This article is more than 3 years old.

There is enough data now to know who, statistically speaking, is at greater risk for severe illness and death from COVID-19, the illness caused by the coronavirus dubbed SARS-CoV-2. But it’s not always clear why certain people are more susceptible.

Those who have chronic illnesses, such as diabetes, high blood pressure, or heart disease, are likelier to get more severe cases. Older people are more prone to serious cases, and are at greater risk of dying. African-Americans are getting sicker and dying more frequently from COVID-19 than other ethnic groups.

And, around the world, men are getting sicker and dying more often than women.

For most of the above groups, researchers have solid theories to make sense of the disparities. People who have chronic illnesses already have compromised health. The older people get, the more likely they are to have such chronic illnesses. And African-Americans are more likely to suffer from heart disease, high blood pressure, and diabetes than other groups.

But why the great disparity between men and women?

There are a few hypotheses. The first is that men, overall, lead less healthy lifestyles than women, and especially, that they tend to smoke more.

A paper in The Lancet, however, dispelled the notion that smoking was a big factor. While 50 percent of Chinese men smoke, in two studies analyzing COVID-19 deaths in China, much lower percentages of those men who died from COVID-19 were smokers—between 1.4 percent and 12.6 percent. Further, according to the authors of an as-yet unpublished study of more than 4,000 cases in New York City “[W]e did not find smoking status to be associated with increased risk of hospitalization or critical illness.”

So, smoking can’t account for the differences in severity between the sexes.

Another hypothesis points to the fact that men tend to be less healthy, overall, than women. While it’s true that men have higher rates of diabetes and higher blood pressure, in another Wuhan study, men were almost twice as likely to die of the illness—a full 72.9 percent of those who died were male. That’s a much greater difference in death rates than in the incidences of these underlying illnesses. So, while overall relative health could be a factor, it can’t account for the vast majority of the difference. Something else has to be going on.

That something else might involve the immune system—but, if so, it’s not clear why.

It’s true that women have more robust immune systems, which can work to either their advantage or detriment.

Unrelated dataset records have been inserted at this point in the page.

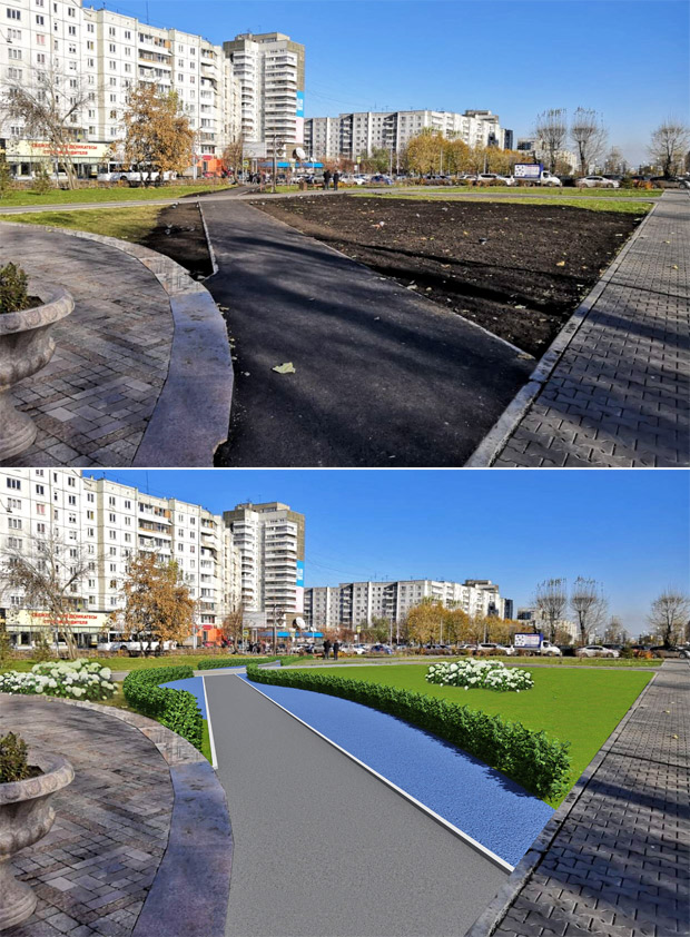 «Сквер оживает и становится местом отдыха горожан. В этом году в нем благоустроили дорожки, которые раньше протоптали отдыхающие, вдоль основного пешеходного пути плавной волной была высажена живая изгородь из кустов и сирени. К работам по оформлению сквера присоединилась лесоперерабатывающая компания АО «Краслесинвест», – комментирует Алексей Панов.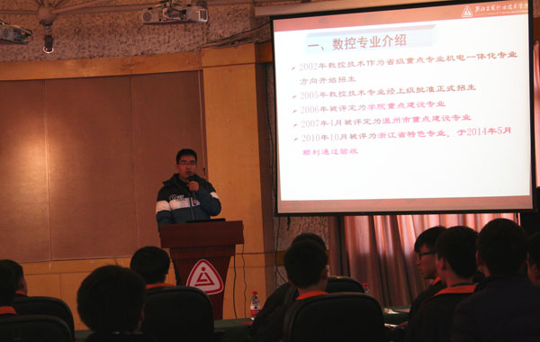教研室主任李老师则针对专业培养的问题着重跟同学们介绍了分院数控专业的培养方案和课程设置的相关情况,并列举了专业相关各类证书的考试情况,李老师还跟同学们讲述了目前数控专业的就业形势,鼓励同学们积极参加学科竞赛。接下来,学生干部上台从自身角度跟大家分享了在校的学习生活、社团活动等经历。
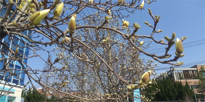 목련 꽃봉오리가 터지고 있지만 일부 나무엔 아직은 봉오리로 남았다.

Because a woman’s immune system is more attuned to beating back any perceived foreign invader, it is also more likely to get into full battle gear when there’s nothing foreign invading, instead, going full Rambo on its own body’s cells, sometimes with disastrous results; 80 percent of auto-immune disease cases occur in women.

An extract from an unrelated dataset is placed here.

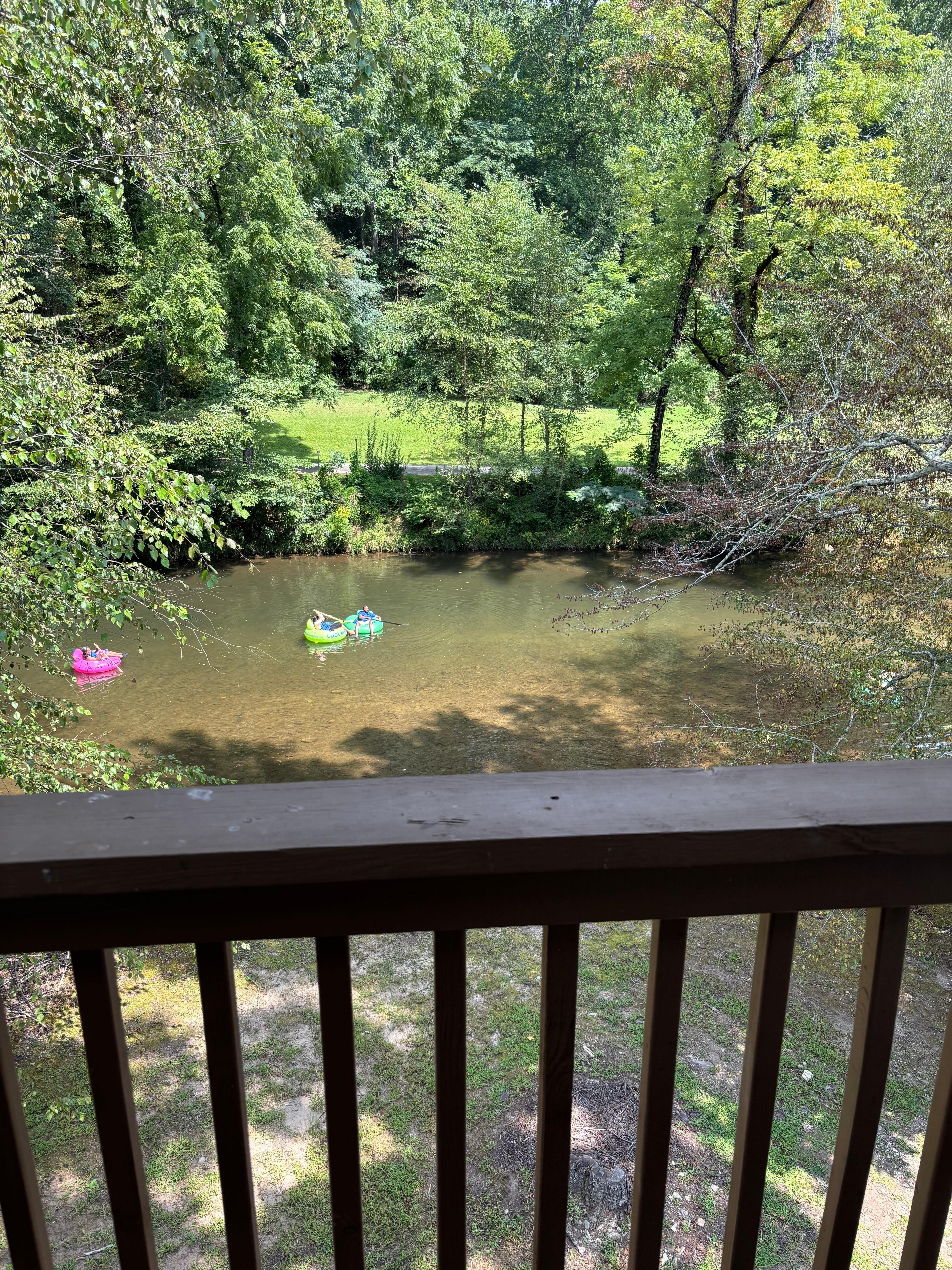 Recently purchased, this well maintained condo has incredible Chattahoochee River views from the spacious top floor covered porch and only a short walk to the heart of downtown, this is an ideal Helen getaway. The king size bedroom has a see-though gas-log fireplace, flat screen TV and door that leads out to the large fully- furnished outdoor covered deck. Large bathroom includes a jetted tub, a separate shower and a linen closet for extra storage. Being a top floor unit awards the best views of the river and also assures a very quiet stay. This spacious 980 square feet condo is tastefully decorated with comfortable leather couch and loveseat, Flat screen TV, Gas Fireplace (winter months) all new artwork and accessories. The well equipped kitchen has granite counter tops, stainless steel appliances, and a pub style table and chairs. Washer and dryer also in the unit.

Still, when it comes to infectious disease, that hyper-vigilant immune system can be an advantage.

During the SARS outbreak in Hong Kong in 2003, although more women were diagnosed with the disease, a greater percentage of men who got it died. Infectious diseases, overall, are usually more deadly for men. (An exception to that rule, the Black Death killed more women than men in 14th to 15th century Europe).

However, in cases of the coronavirus, it isn’t infection, per se, that’s causing the vast majority if severe illness. Instead, it’s the immune system, itself, that’s killing so many of us. So, the fact that men succumb to infectious disease at a higher rate shouldn’t be a factor.

What appears to cause COVID-19’s most deadly effects, whether in men or women, is a combination of two flawed immune responses. The first flaw: the immune system is slow to respond. It should be pumping out killer cells from the get-go, but the spigot that normally opens wide to do that is, in effect, rusted almost shut. That allows the virus to invade cells with impunity.

Then, belatedly, the immune system awakens. Once it gets the message to attack, it hits that rusty immune cell spigot with the equivalent of a sledgehammer, knocking it clear off the pipe.

Proteins called cytokines pour out and overwhelm the lungs and sometimes other organs—an extreme version of what happens with out-of-control auto-immune disease reactions. Once this “cytokine storm” gets going, it sometimes doesn’t stop until the patient is dead.

If this is happening more often in men than women—because more men are experiencing severe cases and death—it raises the question of why? Why does a man’s usually lazier immune system suddenly rev to the point where it leaves the woman’s more vigilant immune system in the dust?

With COVID-19, there are a multitude of unproven conjectures: which animal played intermediary between bat and human; how many cases of the disease the US actually has; what medications can best treat it; and even how much immunity people who have recovered will have in the future. The question of why men are more at risk of severe disease or death than women is one more question for which we lack definitive answers.